Re: kernel 4.15.7/64bit, C3600 is unstable during heavy I/O on PCI
* Carlo Pisani <email@example.com>:
> I have created and applied the following patch
> testing the kernel with heavy I/O seems now stable
> my C3600 is still under testing, moving chunks of 500Mbyte and compiling gcc-v6
--- drivers/parisc/lba_pci.c 2018-01-28 22:20:33.000000000 +0100
+++ drivers/parisc/lba_pci.c 2018-03-15 12:26:44.839894952 +0100
@@ -1405,7 +1405,7 @@
/* Set HF mode as the default (vs. -1 mode). */
stat = READ_REG32(d->hba.base_addr + LBA_STAT_CTL);
- WRITE_REG32(stat | HF_ENABLE, d->hba.base_addr + LBA_STAT_CTL);
+ WRITE_REG32(stat & ~HF_ENABLE, d->hba.base_addr + LBA_STAT_CTL);
** Writing a zero to STAT_CTL.rf (bit 0) will clear reset signal
That's the patch from Kyle:
which comes out of this mail thread:
specifically with those notes:
"bus timeout" usually means we tried to read an address that doesn't
respond. that is, nothing on the bus accepted the transaction for it,
so it timed out and HPMC'd the box.
what you really need is the IIR, and the address it tried to access
(both the kernel vaddr which will be in the register, and the "system
requester address" from the hpmc dump which will be the physical address
not sure why the hpmc handler is getting skipped, that's a little weird.

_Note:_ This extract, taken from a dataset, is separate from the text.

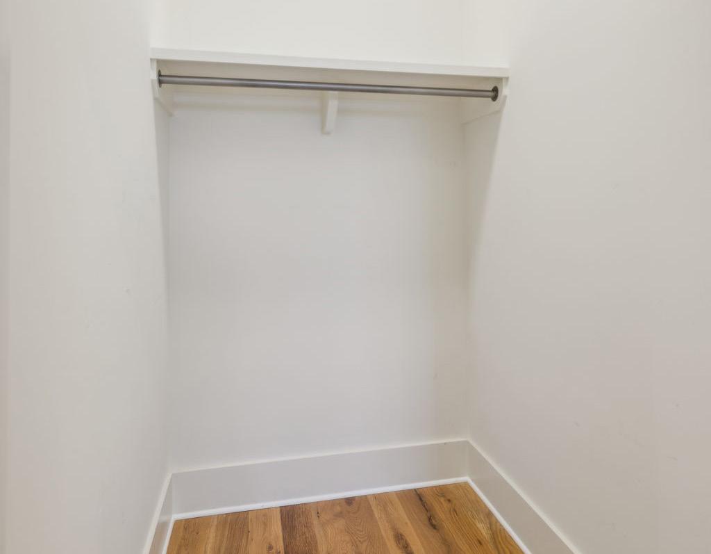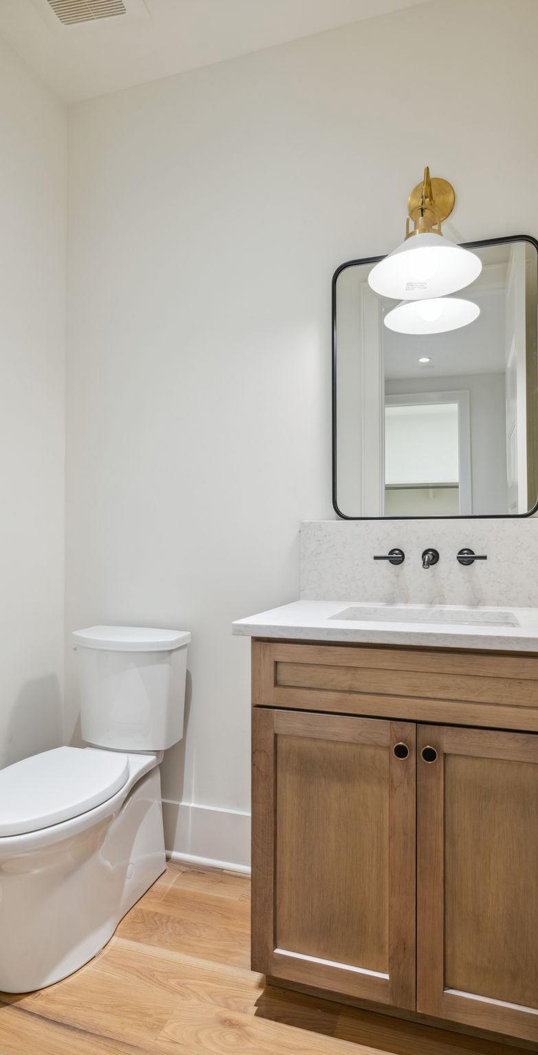 The Powder Rooms are located on both levels of the house. The Main Level comes with a stylish tile floor, quartz topped vanity, and brass finishes. The Upper Level Powder room features hardwood flooring and quartz counter tops, and sleek, matte black finishes.

you can try hacking elroy to set softfail mode on that bus, which will
result in a timeout on the pci bus to return -1 (like what x86 and most
other architectures do) rather than hang the box, but it really likely
means a driver bug.
So, you change LBA to return -1 instead of faulting via HPMC which is
of course one work-around to avoid the HPMC.

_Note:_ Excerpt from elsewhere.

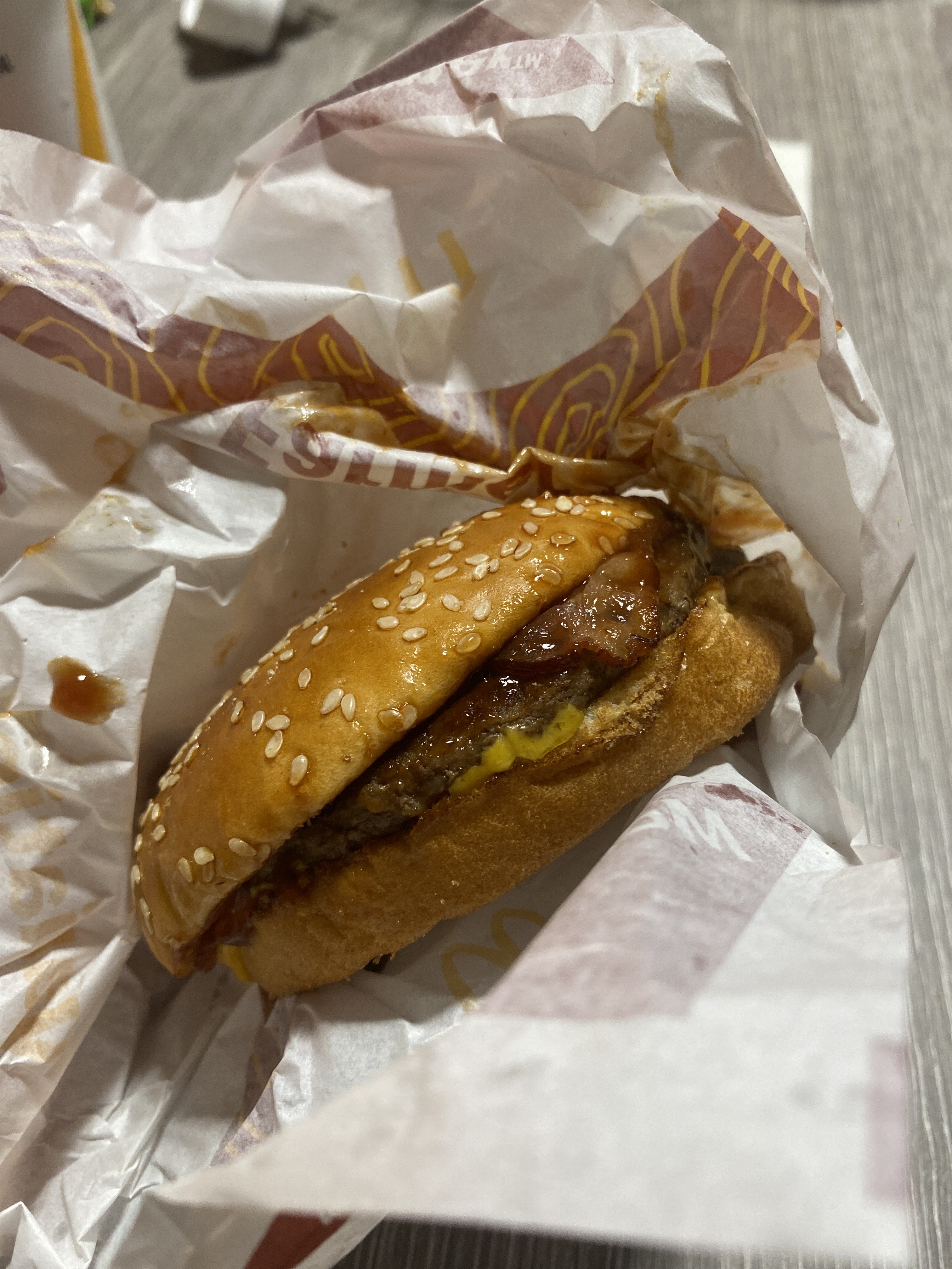Burger qui ne correspond pas du tout à la description ! Je prends le mc rancher normalement 2 steaks à l’intérieur et bah là non …

But could you try to check the driver instead?
You run this SATA controller:
01:05.0 RAID bus controller: VIA Technologies, Inc. VT6421 IDE RAID
Can you maybe try to localize where in the drivers/ata/sata_via.c driver
triggers the HPMC ?
--- arch/parisc/kernel/hpmc.S 2018-01-28 22:20:33.000000000 +0100
+++ arch/parisc/kernel/hpmc.S 2018-03-15 14:13:46.611969815 +0100
@@ -308,4 +290,5 @@
- .word .os_hpmc_end-.os_hpmc
+ /* .word .os_hpmc_end-.os_hpmc */
+ .word (.os_hpmc_end - .os_hpmc) * 4 /* sizeof(u32) */
This one seems wrong.
I think you just didn't hit a HPMC with your first patch, and as such
this patch has no influence...